Совесть не то, чтобы очень уж терзала Василия Михайловича, но — беспокоила, и довольно часто… Нет, дело было даже не в том, что являлись к нему по ночам души тех, кому он помог покинуть наш суетный мир — в конце концов, как ни странно, за всю свою жизнь Кораблев ведь никогда никого не убил по собственному желанию и по своей инициативе, он был всего лишь исполнителем, орудием в руках других людей… Грызло Василия Михайловича то, что никому, ни одному человеку на свете он не дал счастья, не подарил всего себя… Женщины? Их было много, а любил он все‑ таки только одну‑ единственную — ту, из‑ за которой и вышвырнули его из Конторы… Ей его любовь оказалась не нужна — по крайней мере не сменила она на нее устроенный быт жены дипломата в ранге посланника… Кораблев не осуждал ее — что он мог дать своей любимой? Рай в шалаше, который быстро бы сменился ночными слезами по утраченному дворцу? Розы не растут в тундре, сколько их туда ни высаживай…

Вадим… Да, Вадим был, наверное, единственным дорогим человеком для Василия Михайловича — а ведь и его не уберег… Нет, себя Кораблев за смерть Гончарова не упрекал — понимал, что все равно ничего изменить бы не сумел, но все‑ таки… Трудно жить с памятью о том, как балдел на курорте как раз тогда, когда в Москве убивали того, кто был тебе дорог, как младший брат.

Часто Василий Михайлович, сидя на крылечке в обнимку со своим Арамисом, думал о том, что если Бог желает кого‑ то наказать — он наказывает одиночеством…

Между тем внешний мир стремительно менялся — выходили на поверхность теневые дельцы и обеспечивавшие их команды, начиналась грызня за деньги, валявшиеся под ногами нищего народа самой богатой в мире страны — все чаще на улицах российских городов гремели выстрелы и взрывы, люди все больше привыкали к тому, что «коммерсанта век не долог, и потому так сладок он». В обществе вдруг жарко заговорили о киллерах и ликвидаторах, о синдикатах наемных убийц…

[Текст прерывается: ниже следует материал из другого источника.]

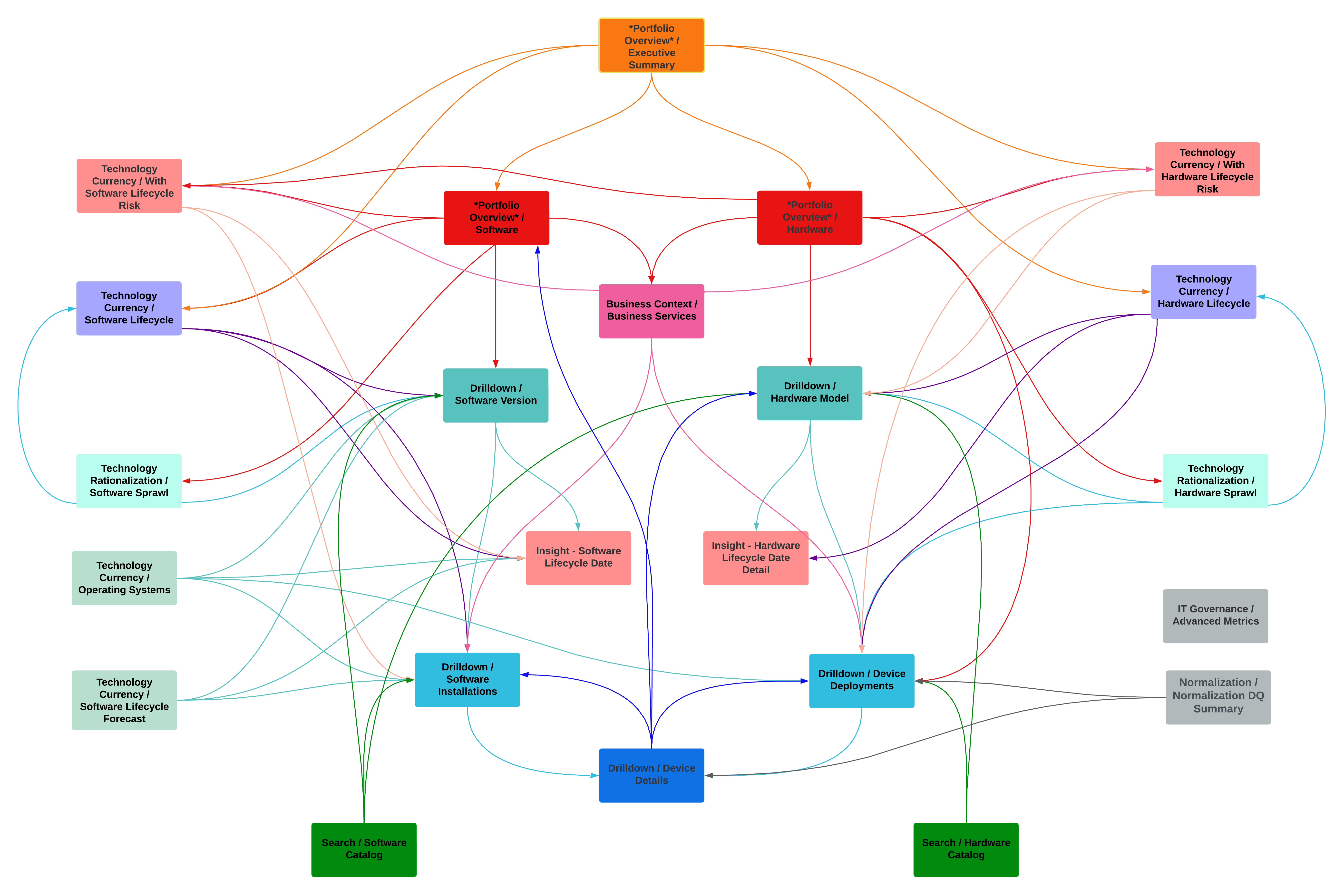 | *Portfolio Overview* / Software Summary | Provides a high level overview of your software portfolio with tables, charts, and graphs that summarize your deployed software counts and lifecycle stages. The Software Summary dashboard also shows insights into your software sprawl and lifecycle/currency risk by category and other aspects of your IT estate (such as software categories that are end of life or obsolete). This dashboard has drill-down links to the following built-in dashboards: Software with Currency Risk Software Lifecycle Software Version Business Services |

Однажды Василий Михайлович даже увидел по телевизору в какой‑ то московской программе интервью с неким деятелем, утверждавшим, что он‑ де — «ликвидатор‑ чистильщик», работающий по договору. У этого «чистильщика» было заретушировано мозаикой лицо и изменен голос. Жаль, что телевизионщики не смогли еще и мозги парню подчистить! Таких глупостей, каких наговорил он в пятиминутном интервью, Кораблеву слышать еще не доводилось — старик хохотал перед телевизором так, как еще ребенком смеялся на фильме «Волга‑ Волга»… Вообще, Василий Михайлович любил просматривать газеты и журналы, интересуясь, в основном, криминальной тематикой — у него появилось даже что‑ то вроде хобби: если в статье давалось подробное описание гибели очередного бизнесмена или авторитета, старик пытался «восстановить» работу неизвестного «коллеги» и понять, кто он — профи или так, из бандитов… В ряде случаев Василий Михайлович по некоторым незначительным и даже вовсе незаметным даже для подготовленного читателя нюансам определял — этого бедолагу «сработала» Контора и никто другой…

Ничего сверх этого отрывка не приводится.